From 5e6167aa1a232eb3aa603332b503527123c345a4 Mon Sep 17 00:00:00 2001
From: Craig de Stigter <craig@destigter.nz>
Date: Wed, 13 Nov 2024 15:33:04 +1300
Subject: [PATCH] Use `orjson` for faster JSONL output

refs #1018

When generating a large (2GB) diff as JSON-Lines this takes 20-30% less
time than the stdlib.

It may be possible to use this in other places, but note that orjson
doesn't support streaming encoding (iterencode), which means it is of
limited utility where we're trying to stream JSON diffs of huge
datasets.

This change uses it for individual features in JSONL diffs only where
the lack of iterencode() isn't a concern.

orjson is MIT licensed.
---
 kart/json_diff_writers.py | 14 ++++++++++----
 kart/output_util.py       | 25 ++++++++++++++++++++++++-
 2 files changed, 34 insertions(+), 5 deletions(-)

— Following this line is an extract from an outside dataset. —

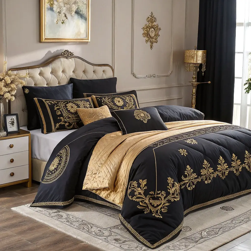 12. Black and Gold Bedroom Textiles and Bedding Ideas

diff --git a/kart/json_diff_writers.py b/kart/json_diff_writers.py
index 48509fff1..0a928adad 100644
--- a/kart/json_diff_writers.py
+++ b/kart/json_diff_writers.py
@@ -1,4 +1,4 @@
-import json
+import orjson
 import logging
 import threading
 from datetime import datetime, timedelta, timezone
@@ -19,7 +19,11 @@
 from kart.diff_structs import FILES_KEY, BINARY_FILE, DatasetDiff
 from kart.key_filters import DeltaFilter
 from kart.log import commit_obj_to_json
-from kart.output_util import dump_json_output, resolve_output_path
+from kart.output_util import (
+    dump_json_output,
+    resolve_output_path,
+    orjson_encode_default,
+)
 from kart.tabular.feature_output import feature_as_geojson, feature_as_json
 from kart.timestamps import datetime_to_iso8601_utc, timedelta_to_iso8601_tz
 
@@ -241,9 +245,11 @@ def __init__(self, *args, diff_estimate_accuracy=None, delta_filter=None, **kwar
         self._output_lock = threading.RLock()
 
     def dump(self, obj):
+        output: bytes = orjson.dumps(
+            obj, default=orjson_encode_default, option=orjson.OPT_APPEND_NEWLINE
+        )
         with self._output_lock:
-            json.dump(obj, self.fp, separators=self.separators)
-            self.fp.write("\n")
+            self.fp.buffer.write(output)
 
     def write_header(self):
         self.dump(
diff --git a/kart/output_util.py b/kart/output_util.py
index 78af8e7ad..b46b2f22e 100644
--- a/kart/output_util.py
+++ b/kart/output_util.py
@@ -8,6 +8,7 @@
 import types
 from pathlib import Path
 
+import orjson
 import pygments
 from pygments.lexers import JsonLexer
 
@@ -15,10 +16,19 @@
 
 _terminal_formatter = None
 
+# note: `json` and `orjson` libraries aren't quite interchangeable.
+#   * orjson is much faster, so we use it where we can
+#   * orjson doesn't support custom separators
+#   * orjson doesn't support iterencode(), so can't stream unbounded iterators to stdout :(
+ORJSON_OPTIONS = {
+    "compact": 0,  # orjson doesn't support custom separators, so extracompact and compact look identical
+    "extracompact": 0,
+    "pretty": orjson.OPT_INDENT_2,
+}
 JSON_PARAMS = {
     "compact": {},
-    "pretty": {"indent": 2},
     "extracompact": {"separators": (",", ":")},
+    "pretty": {"indent": 2},
 }
 
 
@@ -37,6 +47,19 @@ def __iter__(self):
         return itertools.chain(self._head, *self[:1])
 
 
+def orjson_encode_default(obj):
+    """
+    Hook to extend the default serialisation of `orjson.dumps()`
+    """
+    if isinstance(obj, tuple):
+        return list(obj)
+
+    if hasattr(obj, "__json__"):
+        return obj.__json__()
+
+    raise TypeError
+
+
 class ExtendedJsonEncoder(json.JSONEncoder):
     """A JSONEncoder that tries calling __json__() if it can't serialise an object another way."""